▶ **GIVEN ENTRIES**
......

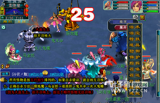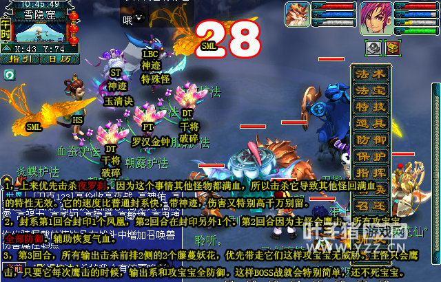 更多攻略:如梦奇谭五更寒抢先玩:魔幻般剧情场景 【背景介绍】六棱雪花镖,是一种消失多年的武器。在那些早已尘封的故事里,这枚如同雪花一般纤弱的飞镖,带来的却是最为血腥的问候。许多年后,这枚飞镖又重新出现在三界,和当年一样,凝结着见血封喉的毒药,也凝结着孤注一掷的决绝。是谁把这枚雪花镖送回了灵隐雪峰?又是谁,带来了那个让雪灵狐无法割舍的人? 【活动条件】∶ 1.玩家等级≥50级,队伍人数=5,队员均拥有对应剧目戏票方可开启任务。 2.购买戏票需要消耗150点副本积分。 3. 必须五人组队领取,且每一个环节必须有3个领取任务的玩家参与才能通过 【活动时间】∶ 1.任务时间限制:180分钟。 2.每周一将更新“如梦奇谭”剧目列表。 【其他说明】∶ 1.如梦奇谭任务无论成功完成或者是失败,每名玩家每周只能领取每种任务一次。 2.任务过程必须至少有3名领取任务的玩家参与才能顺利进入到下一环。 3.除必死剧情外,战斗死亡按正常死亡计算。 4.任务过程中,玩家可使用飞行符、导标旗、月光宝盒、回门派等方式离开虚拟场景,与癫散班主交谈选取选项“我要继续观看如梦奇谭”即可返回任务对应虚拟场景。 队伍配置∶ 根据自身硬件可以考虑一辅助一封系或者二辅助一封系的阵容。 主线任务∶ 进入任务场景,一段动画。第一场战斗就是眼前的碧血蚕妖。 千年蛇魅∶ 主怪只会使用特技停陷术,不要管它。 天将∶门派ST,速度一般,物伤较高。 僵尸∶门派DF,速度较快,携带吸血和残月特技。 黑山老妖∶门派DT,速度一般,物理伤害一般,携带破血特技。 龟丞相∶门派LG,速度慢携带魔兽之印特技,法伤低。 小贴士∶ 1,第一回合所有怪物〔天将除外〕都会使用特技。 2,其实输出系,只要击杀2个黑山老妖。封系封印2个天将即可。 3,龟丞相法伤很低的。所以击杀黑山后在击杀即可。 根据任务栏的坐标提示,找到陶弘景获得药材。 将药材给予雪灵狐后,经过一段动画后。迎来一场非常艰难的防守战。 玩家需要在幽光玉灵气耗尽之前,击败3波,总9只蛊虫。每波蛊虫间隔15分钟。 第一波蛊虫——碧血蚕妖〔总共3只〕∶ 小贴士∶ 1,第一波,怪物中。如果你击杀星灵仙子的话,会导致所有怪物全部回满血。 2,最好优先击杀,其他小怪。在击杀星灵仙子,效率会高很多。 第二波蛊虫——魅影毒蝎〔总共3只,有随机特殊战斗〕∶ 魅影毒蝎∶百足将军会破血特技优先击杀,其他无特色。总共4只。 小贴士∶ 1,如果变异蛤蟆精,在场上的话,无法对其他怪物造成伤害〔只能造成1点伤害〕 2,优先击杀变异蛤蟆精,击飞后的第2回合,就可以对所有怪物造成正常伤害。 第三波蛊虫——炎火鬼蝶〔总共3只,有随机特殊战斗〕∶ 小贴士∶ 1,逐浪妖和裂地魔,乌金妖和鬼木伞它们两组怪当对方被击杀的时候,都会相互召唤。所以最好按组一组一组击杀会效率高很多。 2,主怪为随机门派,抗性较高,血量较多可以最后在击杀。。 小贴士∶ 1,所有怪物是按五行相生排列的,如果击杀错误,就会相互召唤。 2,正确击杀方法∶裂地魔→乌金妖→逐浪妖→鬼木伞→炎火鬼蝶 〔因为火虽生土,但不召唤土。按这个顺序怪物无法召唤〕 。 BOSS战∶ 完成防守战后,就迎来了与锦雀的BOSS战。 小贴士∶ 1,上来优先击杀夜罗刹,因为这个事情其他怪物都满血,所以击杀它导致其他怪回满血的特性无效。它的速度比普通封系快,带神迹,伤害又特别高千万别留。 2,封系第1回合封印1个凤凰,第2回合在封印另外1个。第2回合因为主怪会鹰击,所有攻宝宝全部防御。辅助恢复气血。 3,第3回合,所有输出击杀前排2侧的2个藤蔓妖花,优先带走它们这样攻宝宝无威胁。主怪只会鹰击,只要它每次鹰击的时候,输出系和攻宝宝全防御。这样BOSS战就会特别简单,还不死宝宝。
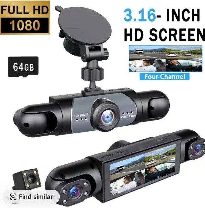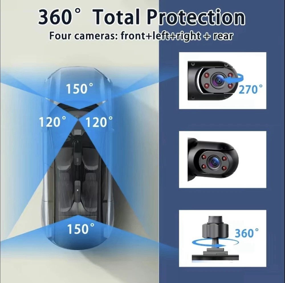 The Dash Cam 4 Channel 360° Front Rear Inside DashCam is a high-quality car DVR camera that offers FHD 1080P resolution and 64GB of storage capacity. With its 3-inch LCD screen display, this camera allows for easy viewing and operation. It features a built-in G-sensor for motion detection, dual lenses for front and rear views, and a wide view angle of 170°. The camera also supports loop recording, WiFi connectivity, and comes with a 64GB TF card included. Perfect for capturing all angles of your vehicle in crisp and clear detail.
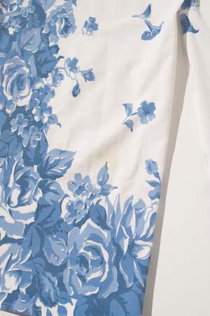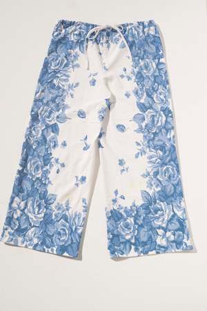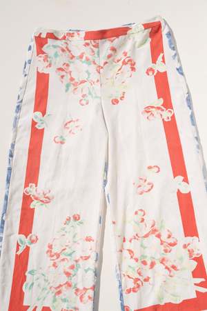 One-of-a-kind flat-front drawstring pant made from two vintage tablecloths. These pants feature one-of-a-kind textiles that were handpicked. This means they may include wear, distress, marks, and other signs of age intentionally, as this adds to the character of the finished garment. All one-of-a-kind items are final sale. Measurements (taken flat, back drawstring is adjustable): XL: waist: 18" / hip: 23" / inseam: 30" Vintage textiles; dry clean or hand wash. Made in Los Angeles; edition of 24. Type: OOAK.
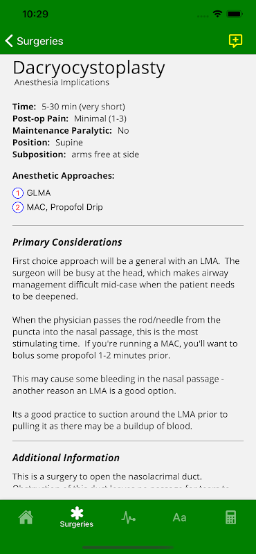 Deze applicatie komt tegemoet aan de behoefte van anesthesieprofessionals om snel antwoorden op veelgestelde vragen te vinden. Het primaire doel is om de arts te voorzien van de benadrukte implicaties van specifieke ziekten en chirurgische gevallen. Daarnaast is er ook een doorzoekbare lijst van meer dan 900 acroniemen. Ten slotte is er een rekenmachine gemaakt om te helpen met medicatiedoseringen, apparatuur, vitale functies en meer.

......

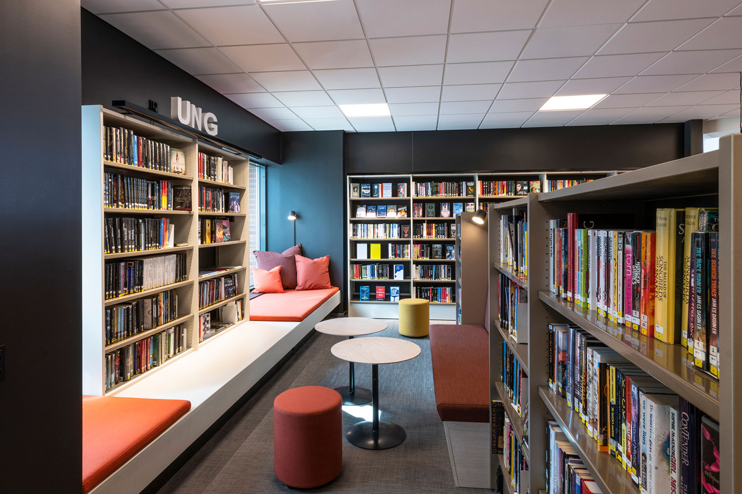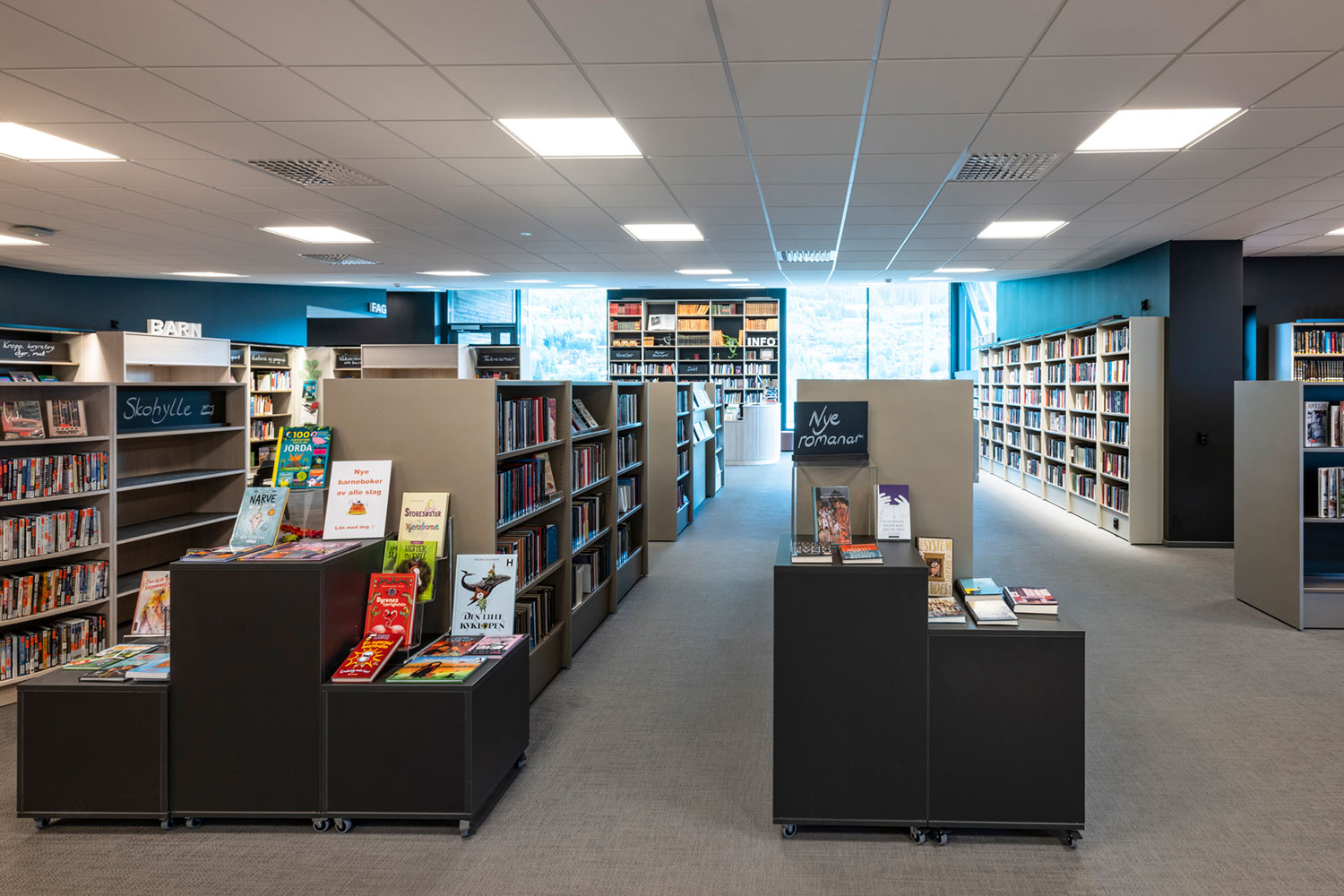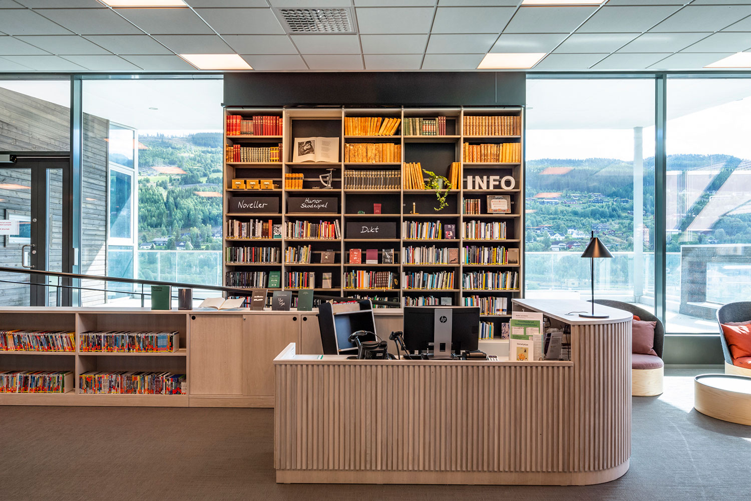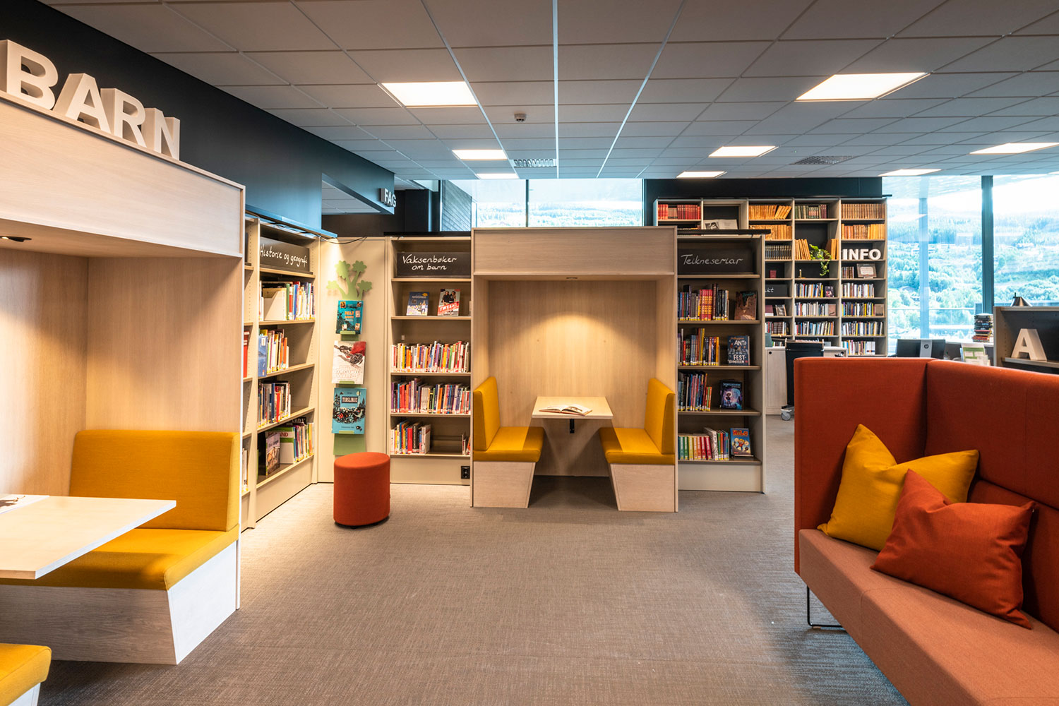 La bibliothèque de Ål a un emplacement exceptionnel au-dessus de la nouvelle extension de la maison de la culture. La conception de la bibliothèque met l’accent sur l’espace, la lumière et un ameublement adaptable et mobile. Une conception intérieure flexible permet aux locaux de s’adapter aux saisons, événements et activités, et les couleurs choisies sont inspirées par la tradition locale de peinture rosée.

......

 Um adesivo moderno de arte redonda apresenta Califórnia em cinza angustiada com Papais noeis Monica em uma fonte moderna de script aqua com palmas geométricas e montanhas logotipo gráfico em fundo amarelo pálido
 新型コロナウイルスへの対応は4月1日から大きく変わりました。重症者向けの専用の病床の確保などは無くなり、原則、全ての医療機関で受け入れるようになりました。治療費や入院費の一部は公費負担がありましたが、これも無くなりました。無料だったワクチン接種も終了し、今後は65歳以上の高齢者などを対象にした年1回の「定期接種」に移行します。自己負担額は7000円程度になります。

......

▶ **WORK TO BE COMPLETED**
Exactly the lines starting at the one above with "The Dash Cam" and ending at the one with "One-of-a-kind flat-front drawstring" should be printed, and nothing else. Omit the pictures.

▶ **SOLUTION TO THE PROBLEM**
 The Dash Cam 4 Channel 360° Front Rear Inside DashCam is a high-quality car DVR camera that offers FHD 1080P resolution and 64GB of storage capacity. With its 3-inch LCD screen display, this camera allows for easy viewing and operation. It features a built-in G-sensor for motion detection, dual lenses for front and rear views, and a wide view angle of 170°. The camera also supports loop recording, WiFi connectivity, and comes with a 64GB TF card included. Perfect for capturing all angles of your vehicle in crisp and clear detail.
 One-of-a-kind flat-front drawstring pant made from two vintage tablecloths. These pants feature one-of-a-kind textiles that were handpicked. This means they may include wear, distress, marks, and other signs of age intentionally, as this adds to the character of the finished garment. All one-of-a-kind items are final sale. Measurements (taken flat, back drawstring is adjustable): XL: waist: 18" / hip: 23" / inseam: 30" Vintage textiles; dry clean or hand wash. Made in Los Angeles; edition of 24. Type: OOAK.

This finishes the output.